Fringe, le comics venu d'ailleurs

Alors que la série vient de se conclure aux états-unis(enfin, il y a quelques temps quand même puisque c'était le 18 janvier) j'avais envie de revenir sur son adaptation en comics paru chez Panini. Petit retour dans le temps...

Présentation

Fringe est une série de 5 saisons lancé par JJ Abhrams et Alex Kurtzman et Roberto Orci, deux scénaristes producteurs qui avaient déjà collaboré avec Abhrams entre autre sur "Alias". Si c'est avant tout sur le nom du créateur de "Lost" que la série s'est battit une réputation, c'est surtout Kurtzman et Orci qui ont donné ses lettres de noblesses à la série Abhrams s'étant lassé de ce nouveau jouet dés la première saison. La série est diffusé sur la Fox, probablement la chaîne la plus populaire des Etats-Unis, réputé pour des programmes comme les Simpsons, 21 Jump Street, Beverly Hills, X-files et plus récemment House. Lors de son lancement, Fringe était attendu comme le nouveau X-files et il faut reconnaître que la première saison n'offrait guère plus qu'une version réactualisé de la mythique série. L'on y suivait Olivia Dunham une enquêtrice du FBI obligé de s'associer à un scientifique à moitié fou et à son petit génie de fils pour résoudre des enquêtes dépassant la logique. Si l'ensemble fonctionnait bien, le gros point fort de la série résidait dans John Noble (Le seigneur des anneaux: les deux tours) et son personnage de Walter Bishop, un rôle torturé et poignant, à la fois drôle et émouvant, un véritable plus pour la série.
Dés la saison 2, la série affiche une direction plus claire et surprend par les choix audacieux qu'elle prend, la dernière saison et en ce sens un pari énorme puisqu'elle n'a plus rien à voir avec les précédentes. L'autre grande force de la série est à mon sens de savoir rester humaine ainsi, loin de ses intrigues psychédéliques, Fringe c'est avant tout une histoire d'amour et de famille.
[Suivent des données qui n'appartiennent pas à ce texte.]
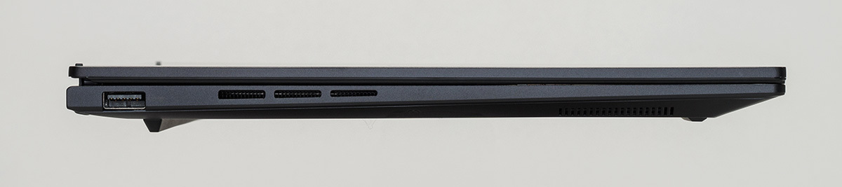 インターフェースは本体左側面にUSB 3.2 Gen1 Type-Aが、右側面にはUSB 3.2 Gen2 Type-C(データ転送、映像出力、Power Delivery対応)、USB4(データ転送、映像出力、Power Delivery対応)、マイクロホン/ヘッドホン兼用端子、HDMI 2.1端子が搭載されている。

Au niveau du casting, la série fut l'occasion de découvrir Anna Torv dans un rôle de femme forte et sensible, de redécouvrir Joshua Jackson ("Dawson") meilleur qu'on n'aurait pu le croire dans ce rôle de scientifique en marge mais également de retrouver Leonard Nimoy (Star Treck) dans un rôle à sa mesure.
Si la première saison reste à mon sens une fumisterie (beaucoup d'esbroufe pour cacher que les scénaristes n'ont aucune idée de la direction qu'ils prennent) le reste est vraiment nettement meilleur avec de réelles prises de risques ce qui est d'autant plus notable pour une série programmé sur un aussi gros réseau que la Fox, sans même parler du genre de la série.
Concernant le format, la série se constitue d'épisodes autoconclusif (un épisode, une nouvelle enquête) mais le fil rouge prend tellement d'importance au fil des saisons qu'il me parait difficile de ne pas considérer la série comme feuilletonante (la dernière saison est même complètement feuilletonante).


Critique:


FRINGE
Scénario : Zack Whedon, Mike Johnson, Alex Katsnelson, Danielle Dispaltro, Justin Doble, Matthew Pitts, Kim Cavyan,
Dessin :  Tom Mandrake, Simon Coleby,
Dépot légal : 08/2011
Editeur : Panini Comics
Traduction: Jérémy Manesse
Lettrage: Alessandro Benedetti
Taille : Format comics
Planches : 200
Prix: 13;00€
Synopsis:
Anthologie d'histoires de science fiction, les premières se concentrant sur le passé de Walter Bishop et William Bell. L'album rassemble les épisodes 1 à 6 du comics "Fringe".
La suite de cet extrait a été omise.